Clarence Darrow // Apr 14, 2009 at 9:46 pm
I don’t buy all of this, The F22 is pork at this point in my mind.
sinz54 // Apr 15, 2009 at 8:01 am
Howard432: “….while remaining largely invisible to radar.” The F-22 is stealthy, while none of our current fighters is stealthy. (The famous F-177 stealth fighter was recently retired from service.)
sinz54 // Apr 15, 2009 at 8:02 am
ottovbvs: Kuwait was a sovereign member of the United Nations. It was invaded and occupied in violation of the United Nations Charter.If the U.N. cannot protect a member state from outright invasion by a foreign army, what good is it?

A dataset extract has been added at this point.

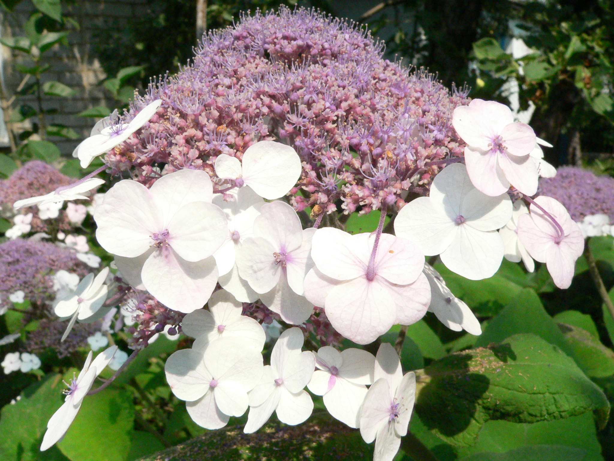 Hortensia begynner å blomstre i slutten av juli og fortsetter til midten av september. Blomstene kan være hvite, lilla eller rosa, avhengig av sorten. Knoppene er formet som en panicle. Aseksuelle store blomster ligger i kantene. I midten er knoppene små og mer intense i fargen.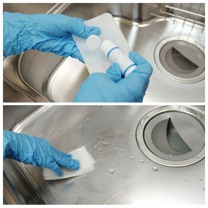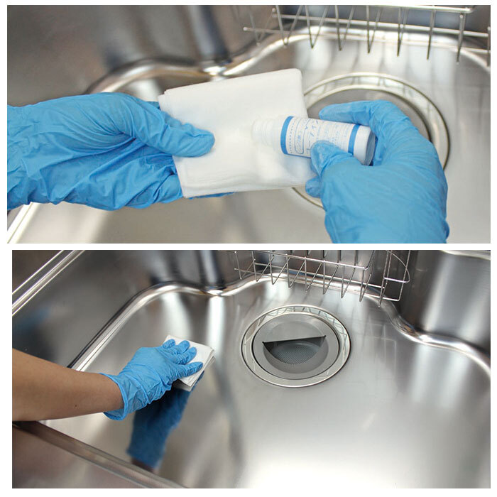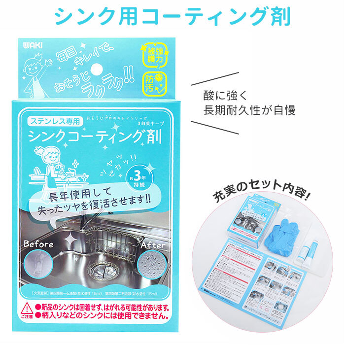 商品説明 | ・シンクのキレイを3年キープする!プロ仕様のシンク用コーティング剤(クリーナー付)が登場。 ・シリコン樹脂とフッ素樹脂の利点を併せ持った、ハイブリッド型のコーティング剤。酸に強く、長期耐久性が自慢。 ・クリーナー(15ml)、コーティング剤(15ml)、クロス(1枚)、スポンジ(1枚)、手袋(2組)の充実のセット内容。 ・強力なプロ仕様クリーナーを付属のクロスにつけてこすると、長年の使用により蓄積した汚れや水垢もピカピカに! ・さらにコーティング剤を使うことで、ミクロの被膜がシンク表面の小さな凹凸をカバー!水を流すだけでスルッと汚れが落ちるように! ・※本製品はステンレスシンク専用です。 ・※コーティング剤が均等に塗布できないので、エンボス加工や模様の入ったシンクへのご使用はお止めください。 |

sinz54 // Apr 15, 2009 at 8:05 am
ottovbvs: I recall that prior to Obama’s sharp total defense cuts, the Air Force very much wanted the F-22. But when Obama grandfathered the Iraq and Afghanistan wars into the baseline defense budget, while holding the baseline to a mere 4% increase, he basically whacked the services to a tune of tens of billions of dollars.The Air Force was faced with a choice between the F-22 and having to sacrifice operations and maintenance.
gibberish // Apr 15, 2009 at 9:32 am
As far as I can see the argument of this article is that is the US wanted to go to war with Russia, China and Korea at once and deal with a 2nd 9/11 at the same time then 60 more F-22s would make a differenceWhat nonsense and does the US taxpayer what to pay to be able to fight everyone at once? Already paying as much as the rest of the world put together….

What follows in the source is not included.